- Description of the task -
A faithful copy of all the data is the goal; omit the pictures.

Data provided section start

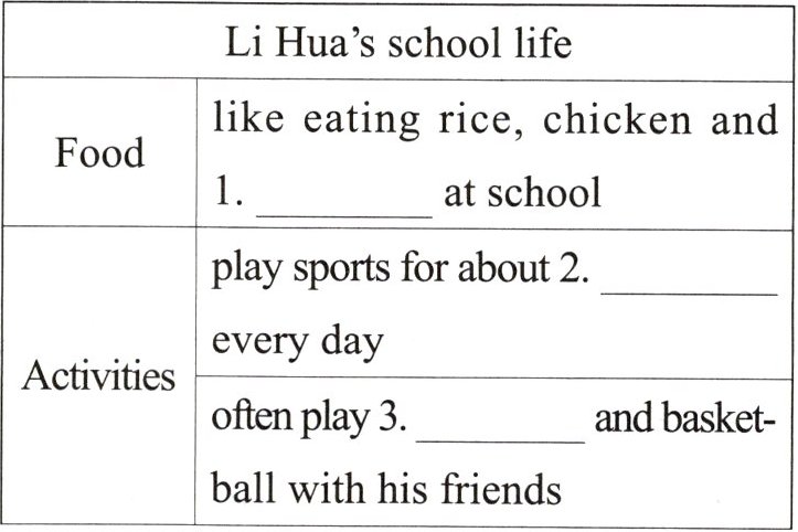 假如你是李华,你给你的美国笔友Lily回信介绍你的学校生活情况。请阅读下面的信件并根据信件内容填写表格,掌握文章结构及写作思路。
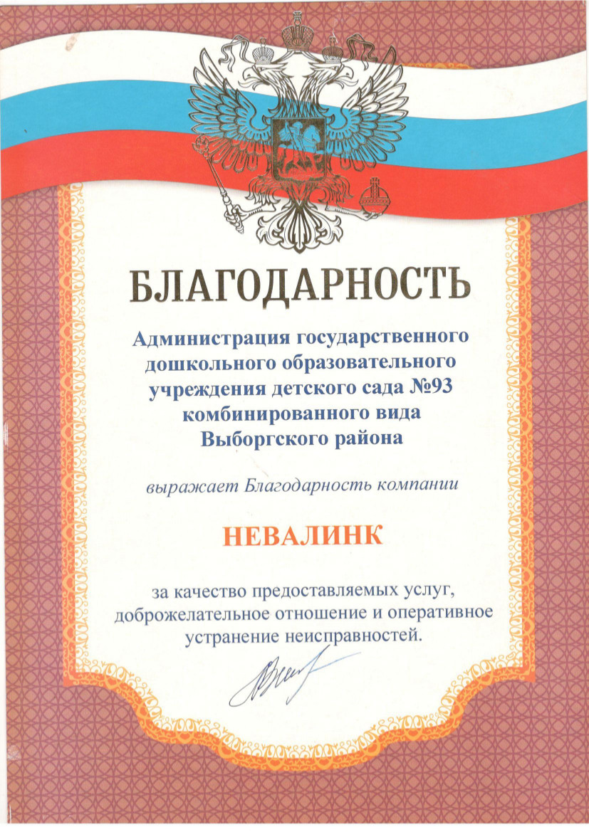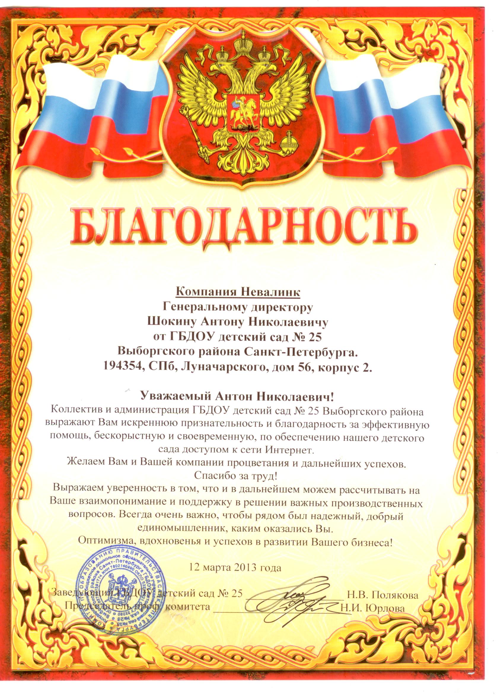 Коллектив и администрация ГБДОУ детский сад №25 Выборгского района выражают Вам искреннюю признательность и благодарность за эффективную помощь, бескорыстную и своевременную, по обеспечению нашего детского сада доступом к сети интернет. Желаем Вам и Вашей компании процветания и дальнейших успехов. Спасибо за труд!
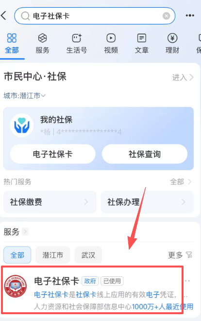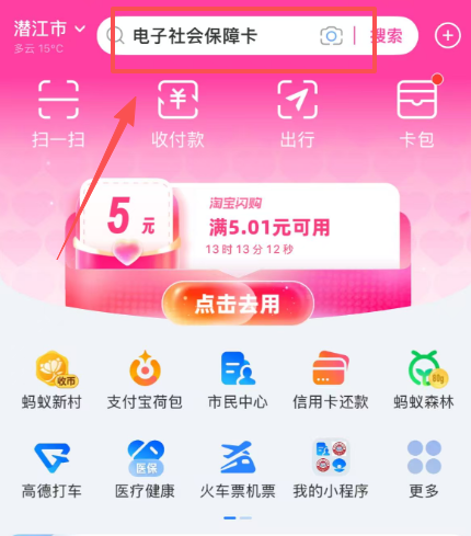 1.用支付宝扫一扫功能扫描下方二维码或在支付宝首页搜索栏搜索电子社保卡→进入支付宝电子社保卡小程序

Data provided section end

- Your solution -
 假如你是李华,你给你的美国笔友Lily回信介绍你的学校生活情况。请阅读下面的信件并根据信件内容填写表格,掌握文章结构及写作思路。
 Коллектив и администрация ГБДОУ детский сад №25 Выборгского района выражают Вам искреннюю признательность и благодарность за эффективную помощь, бескорыстную и своевременную, по обеспечению нашего детского сада доступом к сети интернет. Желаем Вам и Вашей компании процветания и дальнейших успехов. Спасибо за труд!
 1.用支付宝扫一扫功能扫描下方二维码或在支付宝首页搜索栏搜索电子社保卡→进入支付宝电子社保卡小程序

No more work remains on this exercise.